The Sea of Trolls
- Front cover of first edition
- Author: Nancy Farmer
- Language: English
- Genre: Young adult, children's fiction and fantasy
- Publisher: Atheneum Books
- Publication date: September 2004
- Publication place: United States
- Media type: Print (hardcover & paperback)
- Pages: 459 pp (first edition, hardcover)
- ISBN: 978-0-689-86744-6 (first)
- OCLC: 53840061
- LC Class: PZ7.F23814 Se 2004
- Followed by: The Land of the Silver Apples

= The Sea of Trolls =

Novel by Nancy Farmer

The Sea of Trolls is a fantasy novel for children, written by American author Nancy Farmer and published by Atheneum in 2004. It is the first volume in a series, which Farmer continued in 2007 and 2009.

==Summary==
The Sea of Trolls is set in Anglo-Saxon England, Scandinavia, and the mythical realm of Jötunheimr.

Saxon farmboy Jack becomes the apprentice of The Bard, who tells him the tale of Beowulf, claiming to have aided Beowulf in fighting Grendel's mother, a shapeshifting half-troll named Frothi. However, Frothi's sister Frith sent The Dragon to kill Beowulf in revenge, and her husband, the Northman King Ivar the Boneless, set The Bard adrift. The Bard eventually came to Jack's village, but as he continues training Jack in song and magic, Jack finds a box of bog-myrtle, used by Northman berserkers, a sign Frith's warriors have come to Saxon. The village learns from a wounded monk that the berserkers destroyed the Holy Isle and retreat into the woods at the behest of The Bard, while he and Jack hide them all by calling fog. The Bard gives Jack an invisible rune of protection, but this leaves him vulnerable to a Nightmare ridden by Frith's spirit that renders him insane. Jack returns home, only to find his family returned after his sister Lucy complained about the fog. Jack attempts to continue calling the fog, but he and Lucy are captured by the berserkers, led by Olaf One-Brow.
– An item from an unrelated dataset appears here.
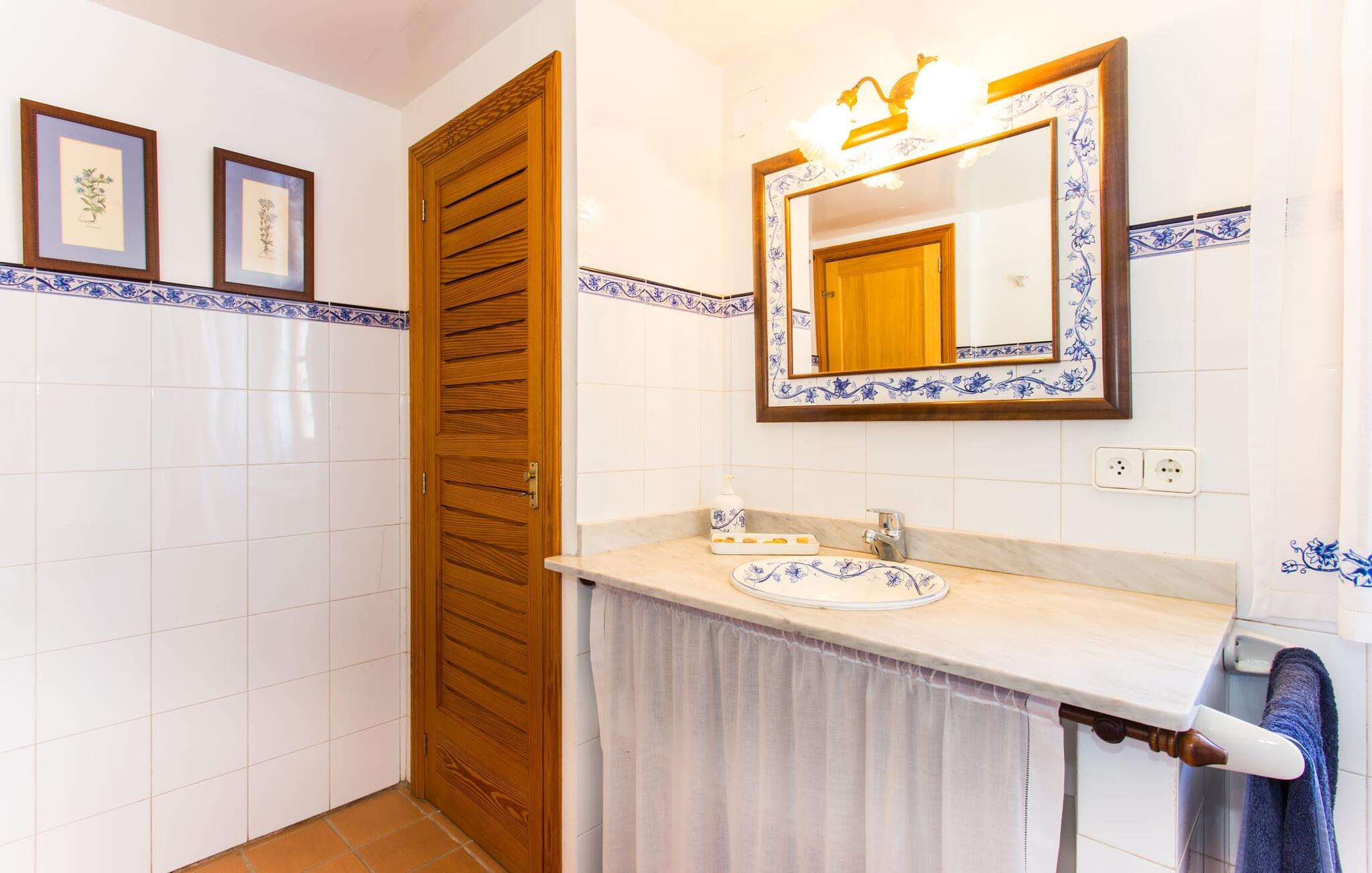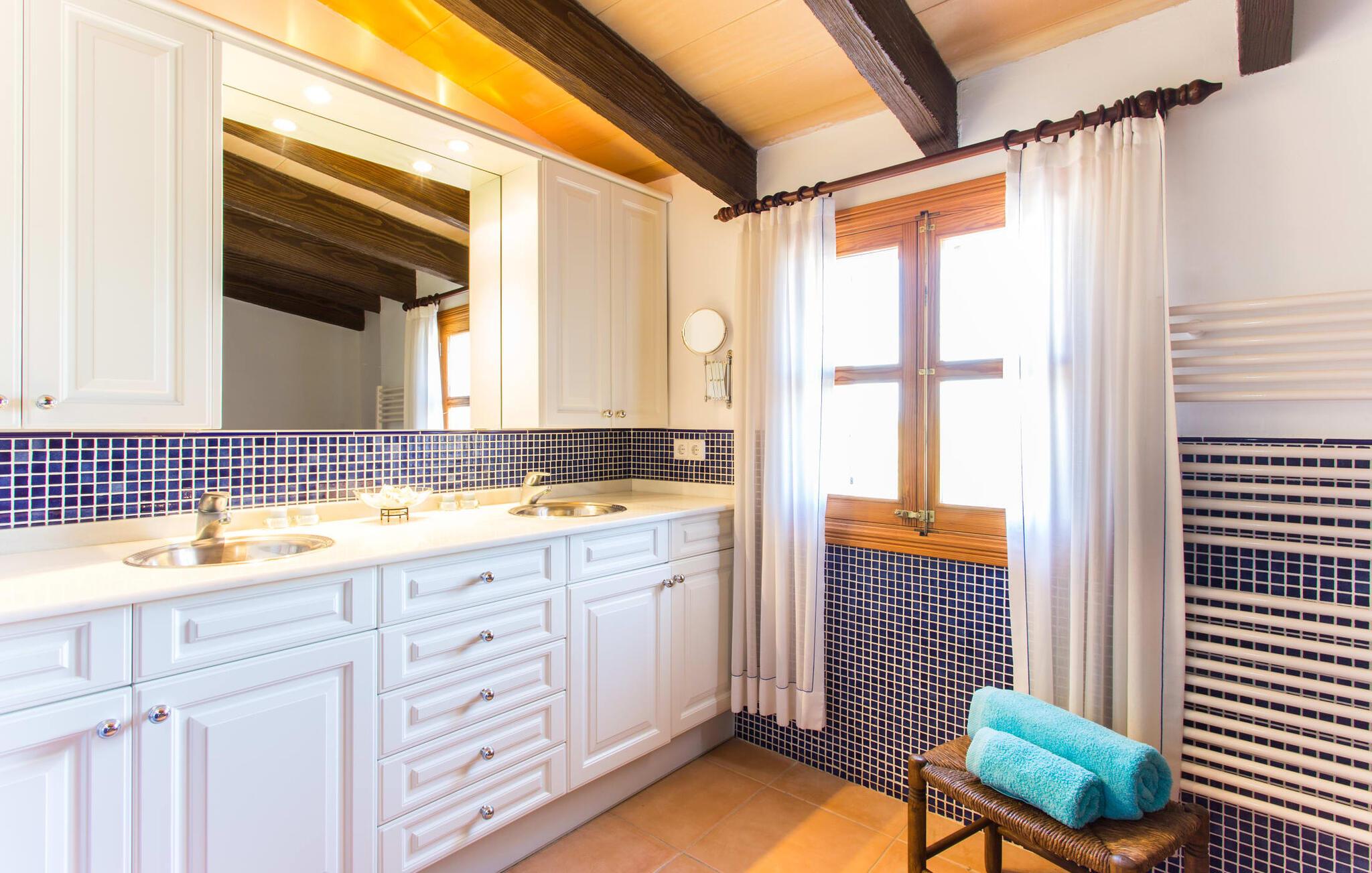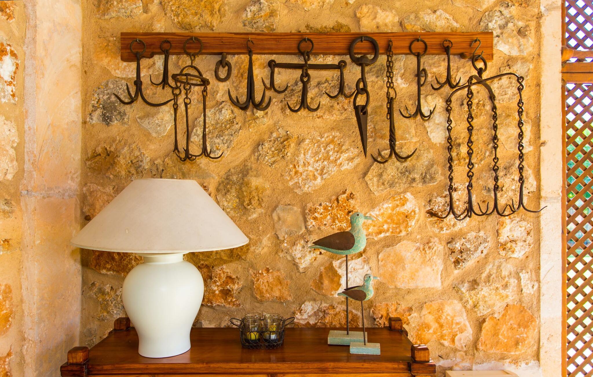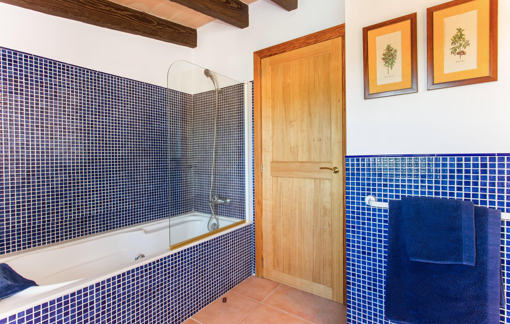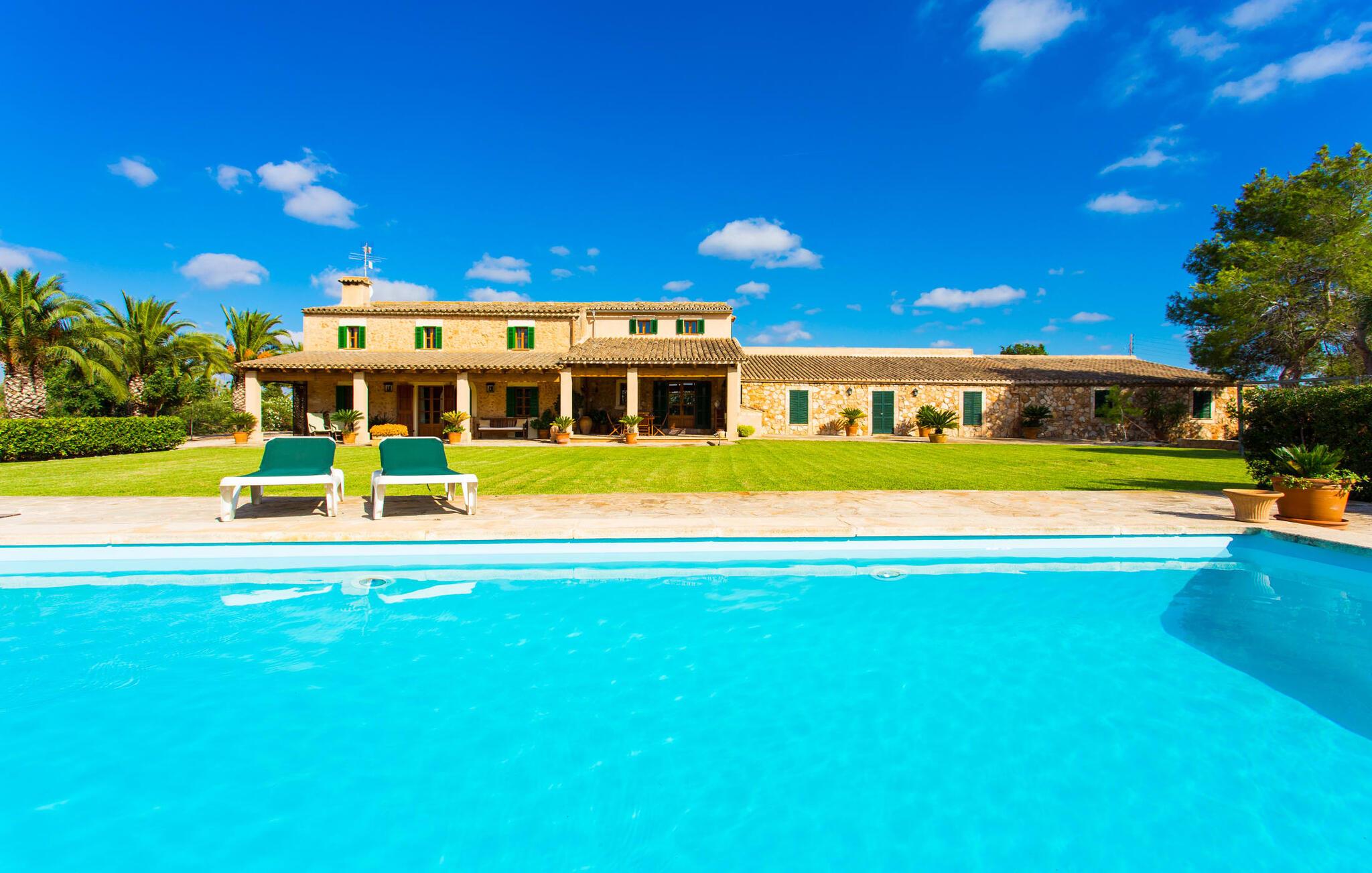 Har I altid drømt om en afslappende ferie i rolige omgivelser, en landlig idyl og nem adgang til de typiske østrande? Så er villaen "Son Viquet" lige noget for jer! I kan forvente en yderst hyggelig, kærligt møbleret atmosfære og en behagelig forbindelse til bekvemt forbundne områder. Den private ejendom er beliggende i en tyndt befolket villaregion og er let tilgængelig via asfalteret vej. En stor og velholdt have byder på en stor velkomst og inviterer til at gå på opdagelse i omgivelserne. Mange palmer og andre middelhavsplanter dekorerer rummene og skaber en fortryllende atmosfære, hvor I vil nyde at tilbringe tid. En hængekøje tilføjer til den indbydende atmosfære. Der er endda et fodboldmål for unge og gamle spillere. Det 10 m store bassin, som nemt kan nås via en halvcirkelformet trappe, giver den nødvendige forfriskning på varme sommerdage: Svøm om morgenen, svøm et par længder og nyd forfriskningen, der breder sig i hele jeres krop! Glem ikke at læse en god bog og nyde timers udendørs aktivitet eller under det smukke træloft med en drink inden for rækkevidde! En stor overdækket terrasse er placeret foran huset og har et spisebord med yderligere siddepladser: dette er det rigtige sted til morgenmad, hvor I kan sidde sammen og planlægge resten af dagen med udsigt til haven og den blå himmel . Men det er også hyggeligt at sidde her om aftenen, og hvis I tænder for grillen i tide, kan I fejre en kulinarisk BBQ sidst på dagen. En rustik, hyggelig atmosfære venter jer inde i villaen: traditionelle synlige bjælker, terracotta flisegulve og naturstenselementer på væggene skaber en individuel og meget hyggelig atmosfære. Brugen af diskrete, lyse farver understreger den indbydende effekt, det samme gør de nøje udvalgte antikke møbler og den klassiske udsmykning. I stueetagen er der et rummeligt køkken med en ø og et stort spisebord, der indbyder til at lave mad og spise sammen. Det lyst indrettede værelse er fuldt udstyret med ovn, komfur, køle/fryseskab kombination, mikroovn, opvaskemaskine, elkedel og filterkaffemaskine og giver derfor et godt grundlag for selvstændig selvforsyning. Find jeres personlige yndlingssted i den hyggelige stue med et separat læsehjørne under trappen og nyd afslapningsstunderne – pejsen er ikke i brug, men skaber stadig en hjemlig atmosfære. På dette niveau er der også et badeværelse med badekar, mens der på øverste etage er tre separate soveværelser, alle med gule vægge og yderligere to rummelige badeværelser, et af dem en-suite. Til en afslappende nat er der to 1,80 x 2,00 m senge og to 0,90 m x 2,00 m senge til rådighed. Et strygejern og to hårtørrere er tilgængelige på stedet, og I behøver ikke at tage dem med jer - det sparer plads i jeres kuffert! Campos selv er en ret fredelig by, men den er meget livlig på markedsdage (torsdage og lørdage). Udover regionale landbrugsprodukter som frugt og grønt tilbydes der også andre ting som souvenirs. Havneområdet i den tidligere fiskerby Colonia de Sant Jordi (21 km) er meget indbydende, måske vil I tage et kig? Hvis I elsker en badeferie, er denne villa det rigtige sted for dig: de indbydende strande på sydøstkysten, herunder den familievenlige Es Trenc strand, er nemme at nå med en lejebil. Den rummelige villa "Son Viquet" er beliggende i landlige omgivelser på en malerisk ejendom, kun 10 minutter i bil øst for Campos. I Campos finder I barer, restauranter og butikker til jeres daglige behov. Køreturen til Mallorcas sydlige strande er ikke langt fra dette feriehus. Mallorcas livlige hovedstad Palma kan nås på omkring 40 minutter i bil.

The pair are to be sold as slaves to "Picts" as soon as they reach land, where Jack learns the boy who captured Lucy, Thorgil, is a shield-maiden aspiring to become a berserker. Though both Jack and Lucy are desired by the Picts, Olaf convinces Thorgil to give Lucy to Frith instead, while Jack demonstrates his singing to convince Olaf to keep him as a personal bard. After a demonstration of his magic to calm the sea by calling fog, Jack also summons a nearby crow, who he names Bold Heart. After Jack clears the fog by accidentally causing a rainstorm that ruins most of the Northmens' supplies, Olaf brings him to witness a berserker raid on an enemy village with the intention of providing Jack with material for a praise-song, but Jack is repulsed by the violence and almost driven to suicide. Olaf's previous skald, Rune, offers his own verses to aid Jack, knowing that like the Bard, who the Northmen know as "Dragon Tongue", Jack will be unable to honestly praise Olaf,

When they arrive at Olaf's village nothing goes as planned. Jack is sentenced to menial labor and made to clean the barn. There Jack encounters the deadly troll-pig, Golden Bristles, who is to be sacrificed to the goddess Freya by being placed in a wooden cart and left to sink in a bog, though Jack is able to befriend the pig with his singing. Thorgil gives Lucy to Frith, but is denied admission into the berserkers, and though Jack's singing Olaf's praise-song for the Northman's homecoming is well-received, Frith demands Jack as well. Jack offers to sing Frith's praises instead, though he accidentally casts a spell that removes Frith's hair and enrages the queen. As the Northmen retreat, Jack frees Golden Bristles, only for Frith to threaten to sacrifice Lucy instead if Jack is unable to restore her hair. Though Jack lacks the knowledge, Rune suggests he can gain it from Mimir's Well in Jötunheim, and Frith grudgingly provides them with a gold chess piece she stole from her mother, the Mountain Queen, to ensure their safe passage.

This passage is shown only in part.